Scaling Namespaces and Optimizing Data Storage
Also available as:
PDF
loading table of contents...

Properties for configuring the Balancer

Depending on your requirements, you can configure various properties for the HDFS Balancer.

dfs.datanode.balance.max.concurrent.moves

Limits the maximum number of concurrent block moves that a Datanode is allowed for balancing the cluster. If you set this configuration in a Datanode, the Datanode throws an exception when the limit is exceeded. If you set this configuration in the HDFS Balancer, the HDFS Balancer schedules concurrent block movements within the specified limit. The Datanode setting and the HDFS Balancer setting can be different. As both settings impose a restriction, an effective setting is the minimum of them.

It is recommended that you set this to the highest possible value in Datanodes and adjust the runtime value in the HDFS Balancer to gain the flexibility. The default value is 5.

You can reconfigure without Datanode restart. Follow these steps to reconfigure a Datanode:

  1. Change the value of dfs.datanode.balance.max.concurrent.moves in the configuration xml file on the Datanode machine.

  2. Start a reconfiguration task. Use the hdfs dfsadmin -reconfig datanode <dn_addr>:<ipc_port> start command.

For example, suppose a Datanode has 12 disks. You can set the configuration to 24, a small multiple of the number of disks, in the Datanodes. Setting it to a higher value might not be useful, and only increases disk contention. If the HDFS Balancer is running in a maintenance window, the setting in the HDFS Balancer can be the same, that is, 24, to use all the bandwidth. However, if the HDFS Balancer is running at same time as other jobs, you set it to a smaller value, for example, 5, in the HDFS Balancer so that there is bandwidth available for the other jobs.

dfs.datanode.balance.bandwidthPerSec

Limits the bandwidth in each Datanode using for balancing the cluster. Changing this configuration does not require restarting Datanodes. Use the dfsadmin -setBalancerBandwidth command.

The default is 1048576 (=1MB/s).

dfs.balancer.moverThreads

Limits the number of total concurrent moves for balancing in the entire cluster. Set this property to the number of threads in the HDFS Balancer for moving blocks. Each block move requires a thread.

The default is 1000.

dfs.balancer.max-size-to-move

With each iteration, the HDFS Balancer chooses DataNodes in pairs and moves data between the DataNode pairs.

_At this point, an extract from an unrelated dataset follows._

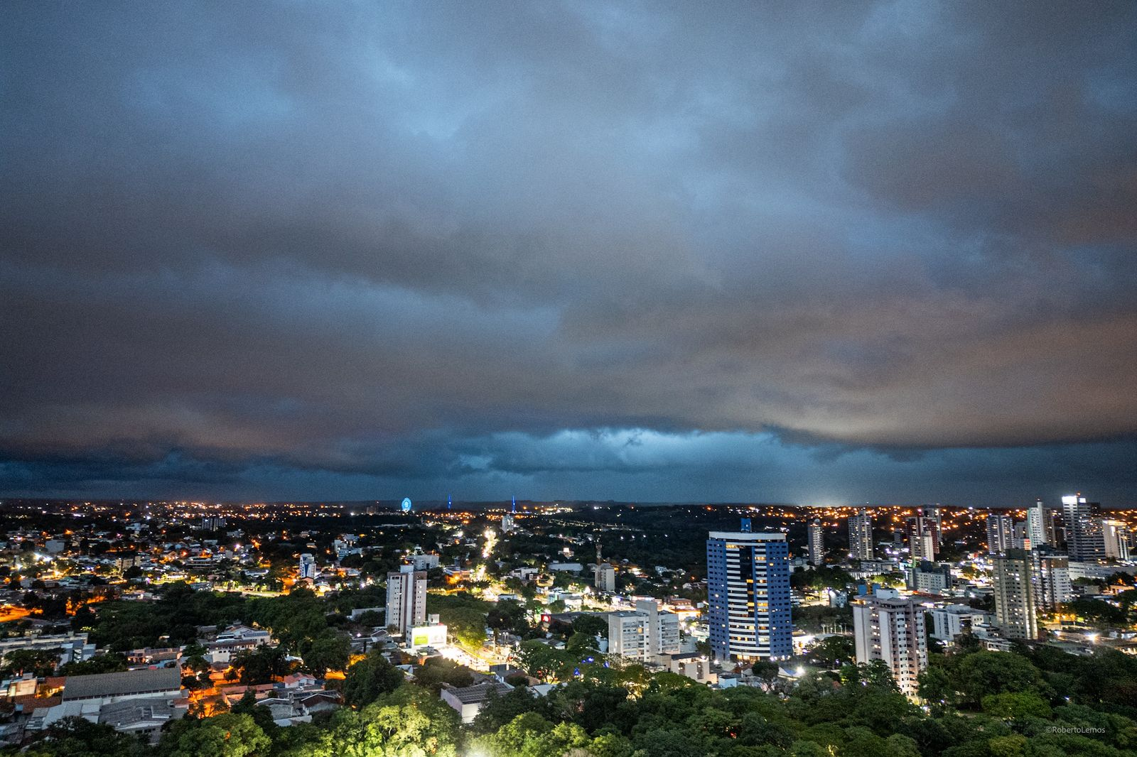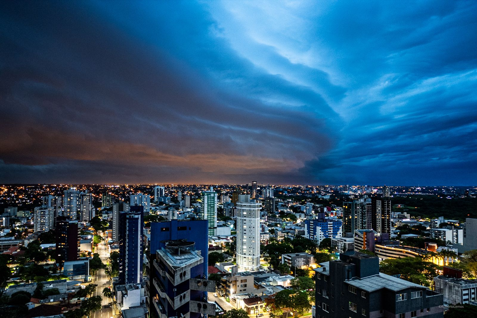 Vídeo mostra a chegada da chuva em Foz do Iguaçu, no Oeste do paraná, na noite de domingo (16). Nas imagens é possível ver as nuvens carregadas, acompanhadas de trovoadas e chuva.

Limits the maximum size of data that the HDFS Balancer moves between a chosen DataNode pair. If you increase this configuration when the network and disk are not saturated, increases the data transfer between the DataNode pair in each iteration while the duration of an iteration remains about the same.

The default is 10737418240 (10GB).

dfs.balancer.getBlocks.size

Specifies the total data size of the block list returned by a getBlocks(..).

When the HDFS Balancer moves a certain amount of data between source and destination DataNodes, it repeatedly invokes the getBlocks(..) rpc to the Namenode to get lists of blocks from the source DataNode until the required amount of data is scheduled.

The default is 2147483648 (2GB).

dfs.balancer.getBlocks.min-block-size

Specifies the minimum block size for the blocks used to balance the cluster.

The default is 10485760 (10MB)

dfs.datanode.block-pinning.enabled

Specifies if block-pinning is enabled. When you create a file, a user application can specify a list of favorable DataNodes by way of the file creation API in DistributedFileSystem. The NameNode uses its best effort, allocating blocks to the favorable DataNodes. If dfs.datanode.block-pinning.enabled is set to true, if a block replica is written to a favorable DataNode, it is “pinned” to that DataNode. The pinned replicas are not moved for cluster balancing to keep them stored in the specified favorable DataNodes. This feature is useful for block distribution aware user applications such as HBase.

The default is false.